5 Quick Improvements to Your Church Facebook

Facebook improvements

Almost everyone has a Facebook account. Checking it and posting to it regularly (follow me at www.facebook.com/BeKnownForSomething).

The majority of churches have (or should have) a Facebook page, but most need to improve their social media presence.

If you’re a church communicator, you’re juggling a lot of things and don’t have a lot of time, but you still need to engage your congregation better where they spend time. And your members are meeting on Facebook regularly, many times a week, and often many times a day.

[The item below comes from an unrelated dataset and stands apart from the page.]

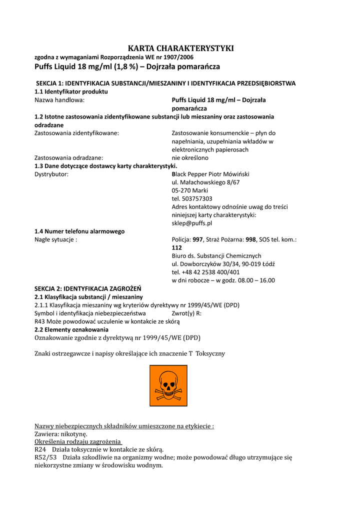KARTA CHARAKTERYSTYKI zgodna z wymaganiami Rozporządzenia WE nr 1907/2006 Puffs Liquid 18 mg/ml (1,8 %) – Dojrzała pomarańcza SEKCJA 1: IDENTYFIKACJA SUBSTANCJI/MIESZANINY I IDENTYFIKACJA PRZEDSIĘBIORSTWA 1.1 Identyfikator produktu Nazwa handlowa: Puffs Liquid 18 mg/ml – Dojrzała pomarańcza 1.2 Istotne zastosowania zidentyfikowane substancji lub mieszaniny oraz zastosowania odradzane Zastosowania zidentyfikowane: Zastosowanie konsumenckie – płyn do napełniania, uzupełniania wkładów w elektronicznych papierosach Zastosowania odradzane: nie określono 1.3 Dane dotyczące dostawcy karty charakterystyki. Dystrybutor: Black Pepper Piotr Mówiński ul. Małachowskiego 8/67 05-270 Marki tel. 503757303 Adres kontaktowy odnośnie uwag do treści niniejszej karty charakterystyki: [email protected] 1.4 Numer telefonu alarmowego Nagłe sytuacje : Policja: 997, Straż Pożarna: 998, SOS tel. kom.: 112 Biuro ds. Substancji Chemicznych ul. Dowborczyków 30/34, 90-019 Łódź tel. +48 42 2538 400/401 w dni robocze – w godz. 08.00 – 16.00 SEKCJA 2: IDENTYFIKACJA ZAGROŻEŃ 2.1 Klasyfikacja substancji / mieszaniny 2.1.1 Klasyfikacja mieszaniny wg kryteriów dyrektywy nr 1999/45/WE (DPD) Symbol i identyfikacja niebezpieczeństwa Zwrot(y) R: R43 Może powodować uczulenie w kontakcie ze skórą 2.2 Elementy oznakowania Oznakowanie zgodnie z dyrektywą nr 1999/45/WE (DPD) Znaki ostrzegawcze i napisy określające ich znaczenie T Toksyczny Nazwy niebezpiecznych składników umieszczone na etykiecie : Zawiera: nikotynę. Określenia rodzaju zagrożenia R24 Działa toksycznie w kontakcie ze skórą. R52/53 Działa szkodliwie na organizmy wodne; może powodować długo utrzymujące się niekorzystne zmiany w środowisku wodnym. Określenia dotyczące prawidłowego postępowania z mieszaniną S1/2 Przechowywać pod zamknięciem i chronić przed dziećmi. S13 Nie przechowywać razem z żywnością, napojami i paszami dla zwierząt. S24 Unikać zanieczyszczenia skóry. S27/28 W przypadku zanieczyszczenia skóry natychmiast zdjąć całą zanieczyszczoną odzież i przemyć zanieczyszczoną skórę dużą ilością wody. S36/37 Nosić odpowiednią odzież ochronną i odpowiednie rękawice ochronne. S45 W przypadku awarii lub jeżeli źle się poczujesz, niezwłocznie zasięgnij porady lekarza - jeżeli to możliwe, pokaż etykietę. 2.3 Inne zagrożenia Brak informacji na temat spełnienia kryteriów PBT lub vPvB zgodnie z załącznikiem XIII rozporządzenia REACH. Odpowiednie badania nie były przeprowadzone. SEKCJA 3: SKŁAD / INFORMACJE O SKŁADNIKACH 3.1 Substancje Nie dotyczy 3.2 Mieszaniny Lp. Nazwa WE Numer WE Numer CAS Stężenie Klasyfikacja [% wag.] Rozp. CLP Wg 1272/2008/WE 1 Glikol 1,2propylenowy 200-338-0 57-55-6 60,00% Nieklasyfik nieklasyfikowana owana 200-289-5 56-81-5 30,00% nieklasyfiko nieklasyfikowana wana 2 Gliceryna 3 Etanol 200-578-6 64-17-5 ≤0,50% F, R 11 nieklasyfikowana 4 Nikotyna 200-193-3 54-11--5 ≤1,8% Acute Tox. 1 H310, Acute Tox. 3 H301, Aquatic Chronic 2 H411 5 d-limonen 227-813-5 5989-27-5 <0,25% Xi-N; R1038-4350/53 Flam. Liq. 3, H226; Skin Irrit. 2, H315; Skin Sens. 1, H317; Aquatic Acute 1, H400; Aquatic Chronic 1, H410 6 octan etylu 205-500-4 141-78-6 F-Xi; R1136-66-67 Flam. Liq. 2, H225; Eye Irrit. 2, H319; STOT SE 3, H336 T+, R27, T, R25, N, R51/53 <0,25% Dystrybutor niniejszej mieszaniny oświadcza, że wprowadza do obrotu mniej niż 1 tonę rocznie, każdego ze składników tej mieszaniny i tym samym nie jest zobowiązany do rejestracji tych substancji wg wymagań Rozporządzenia (WE) nr 1907/2006 (REACH). Wyjaśnienie znaczenia skrótów i zwrotów podanych w treści powyższej tabeli znajduje się w Sekcji 16 niniejszej karty charakterystyki. SEKCJA 4: ŚRODKI PIERWSZEJ POMOCY 4.1 Opis środków pierwszej pomocy Kontakt z oczami: Kontakt ze skórą: (skażenie lub oblanie skóry/odzieży) Połknięcie: W przypadku kontaktu oczu z produktem należy je przemywać bieżącą wodą, ale niezbyt silnym jej strumieniem, przez kilkanaście minut (najlepiej nie krócej niż 15 min.), przez jakiś czas trzymać powiekę szeroko otwartą. W przypadku nie ustąpienia podrażnienia zasięgnąć pomocy lekarskiej. Pamiętać o usunięciu szkieł kontaktowych przed przystąpieniem do płukania, o ile poszkodowany ich używał. W przypadku kontaktu skóry z produktem w pierwszej kolejności należy zadbać o mechaniczne usunięcie produktu ze skażonej powierzchni. Skażone pola umyć dokładnie pod strumieniem bieżącej wody z użyciem mydła. W przypadku kontaktu większej części ciała należy się dokładnie spłukać pod prysznicem najpierw czystą letnią wodą a następnie zmyć ciało dostępnymi środkami higienicznymi. W przypadku utrzymywania się uczucia podrażnienia na skórze zasięgnąć porady lekarskiej nie później niż w ciągu 12 h od zdarzenia. Przy stosowaniu ochrony dróg oddechowych (patrz poniżej) należy wykluczyć możliwość połknięcia produktu – w przypadku połknięcia najlepiej jest poddać poszkodowanego, bez zbędnej zwłoki, profesjonalnemu płukaniu dróg pokarmowych pod nadzorem medycznym Kontakt drogami oddechowymi: Unikać bezpośredniego kontaktu z powstałymi podczas różnych operacji przetwórczych i transportowych pyłami poprzez stosowanie co najmniej półmaski przeciwpyłowej 4.2 Najważniejsze ostre i opóźnione objawy oraz skutki narażenia W kontakcie z oczami: zaczerwienienie, łzawienie, chwilowe podrażnienie. Po połknięciu: nudności, wymioty, w skrajnych przypadkach po wypiciu bardzo dużej ilości produktu objawy zatrucia: mdłości, problemu z oddychaniem, zawroty głowy, zaburzenia ze strony układu oddechowego. W kontakcie ze skórą: produkt jest absorbowany przez skórę i powoduje takie same objawy jak po połknięciu: problemy z oddychaniem, zawroty głowy, skurcze, mdłości, wymioty, a w skrajnych przypadkach śmierć. U osób wrażliwych może wystąpić reakcja alergiczna. Inhalacja: w

Want some easy-to-understand improvements that give quick results? Here are 5 tips:

  1. Encourage More Followers. Ensure you have as many people following your page as possible. Talk from the pulpit (or announcements) regularly about a huge benefit of engaging on the page. Get people to take out their phones in the service and click “like” on your page. Have a competition. Make sure you regularly remind people to check Facebook and share your posts. (Hint: Use a Facebook ad to reach your local community)
  2. Create a Rhythm for posting. Freshen your creativity for posting, and create a strategy with regular timing for your posts. Consider who you’re reaching and talk “personally” to them in the posts. Entertain, inspire, and occasionally promote. But do all of this like clock-work. Be reliable. (Hint: Adding a picture will increase engagement)
  3. Boost Your Posts. Facebook makes it easy to promote and push posts (login as an administrator and it’ll be a button under the post). Do it. Sadly, regular posts don’t get pushed to everyone following your page. You must boost to reach more followers. Which post to boost? Start with an entertaining one that demonstrates your new rhythm.
  4. Lead to Next Step. Some posts should have an obvious next step. Add a link for people to go to your website or ask people to share the posts. Research says that the posts that get shared are often posts that ask for it. (Hint: Just don’t be obnoxious in the requests)
  5. Check Post Performance Regularly. Under your cover image (once logged in as the page administrator), there’s a “…” next to the message button. Click and choose “View Insights” to discover important information about your audience. Look at which types of posts are getting the biggest reach and engagement (and you can boost here too). Click on the people tab to discover your audience demographics. Click on the posts tab to see when people see your posts (hint: perhaps that’s a good time to post!)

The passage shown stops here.